Financial Software Development for FinTech Innovators

We all know LEGO bricks and pieces; many of us grew up having them and then passing the torch to our kids. With LEGO, we can dream and build anything: a car, a house, a castle, even a space station. From the smallest and most humble design to the most ambitious project—everything can be constructed with the right amount of supplies and patience. It’s possible because these pieces can be used many times over in different combinations. And this is the exact nature of the design systems in user experience (UX).

What is a design system in UX and UI?

Let’s start with a potential surprise. The term ‘design system’ isn’t new: it was coined before the 2000s. What changed was the way we use it while creating web and mobile applications. The design system term is strictly tied with those and user experience, user interface (UI), creating interactions between an app and the human being, and customer experience.

Design systems have their own elements: fonts, colour palette, colour schemes, buttons, labels, inputs, etc. They occur in different sizes, variations, and models. Together, they are a part of a larger system, called a design language, which is an overall visual design of any digital product. As we have proven earlier, it’s easy to think about it as a giant pool of LEGO bricks. Even if you have only a limited number of them, you can still pull a giant number of combinations:

That’s how we have reached the scale problem.

An elephant in the room

If you have a small application with limited functionalities, it’s easy to maintain and make changes. The problem occurs in a big environment. What works for an ant, won’t work for an elephant. Design systems help with large-scale projects. Especially, when everything should be internally consistent. An application should look and feel similar to the website. The website should mirror the company’s interactive presentation, etc. The entire portfolio should be consistent across the board, bringing the user to the conclusion that everything was designed with a specific theme and message in mind.

The bigger the system, the more challenges it presents.
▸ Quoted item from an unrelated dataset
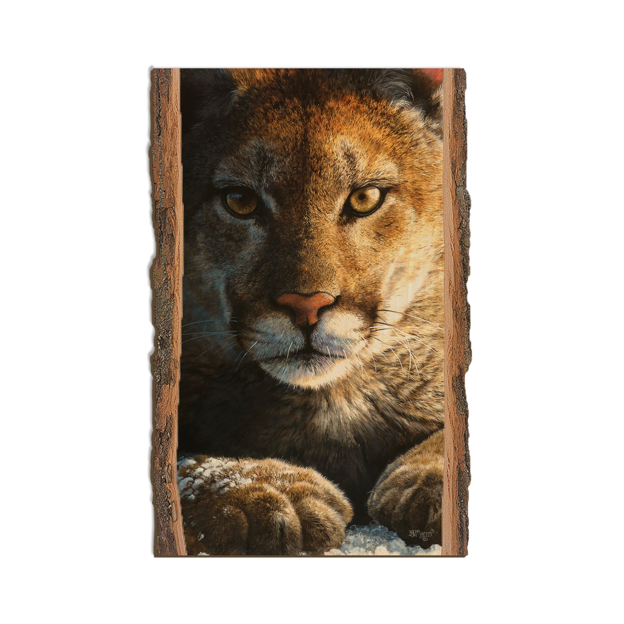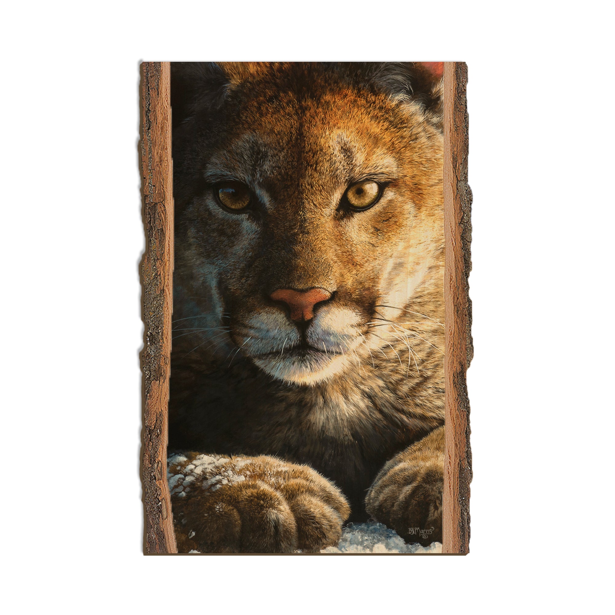 - Laser charred edge and colorful imagery to create a believable 'live edge'.
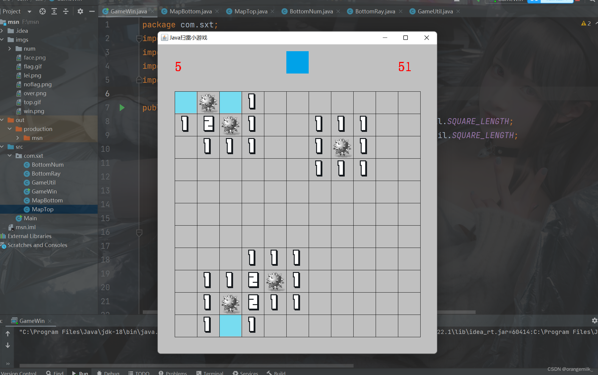 本程序共封装了五个类,分别是主类GameWin类,绘制底层地图和绘制顶层地图的类MapBottom类和MapTop类,绘制底层数字的类BottomNum类,以及初始化地雷的BottomRay类和工具GameUtil类,用于存静态参数和方法。

Not even technical, these will come later. Even earlier, when you have to design an application, questions will pop up. What’s the reason this button is blue, not red? Does this font have to be so big? Why on Earth do we use this outdated sound format? The UX design system provides an answer and creates order. In fact, the design system is often related to as a single source of truth for the entire design, development, and marketing teams. It groups elements (LEGO pieces) and allows the company to create, build, and further develop a digital product.

Boxes for LEGO pieces

If we put plastic pieces on the ground, it’s easy to forget about them. It’s a recipe for falling down or building an incomplete structure. That’s why graphic design system requirements are grouped into categories.

There are two main groups and we can call them:

Hard: components, patterns, labels, typography, layout, writing style and copy, company guidelines, brand book, etc.

Soft: brand identity and values, company culture, customer-facing reflection of them all.

When we have that, it’s easier to develop basically anything. More precise – to even start developing. One can argue that values and culture are nothing next to fonts and colour palettes, but this “one” would be wrong. Without soft values and a shared mindset, a product design is only a way to develop a product. We can build something that works and looks great, customers can be happy, but only to a point.

What if something goes wrong? What if trends shift and customers want something different? What if these trends will force the team to even fundamentally change the application? That will cause even major changes – from new fonts to new and removed functionalities. If the initial market research was faulty, the entire app can undergo a serious redesign.

To help mitigate the discrepancies between versions of the app, it’s good to have a mature company culture. It also speeds up the design, because everyone is focused on the customer and his needs. The app alone can be different (yet largely the same) but the core values will prevail. And that’s the real competitive advantage.

Why are design systems important?

In a company where everyone speaks a different language, nothing gets done. Or is made with a horrendous cost to the process efficiency, not to mention money. To reduce these costs and build the Babel tower (also known as Really Big Application) you need the UX design system. When you finally have it, it can also be called a design language.

To speak it is to control the chaos. Especially in an agile environment, where changes occur all the time, and often product pitched early in the process doesn’t look the same at the end. Tracking all these changes requires consistency which design system in UX and UI provides. Thanks to that, all changes, future iterations, and next products are predictable. It’s important not only for the design system but also for the user.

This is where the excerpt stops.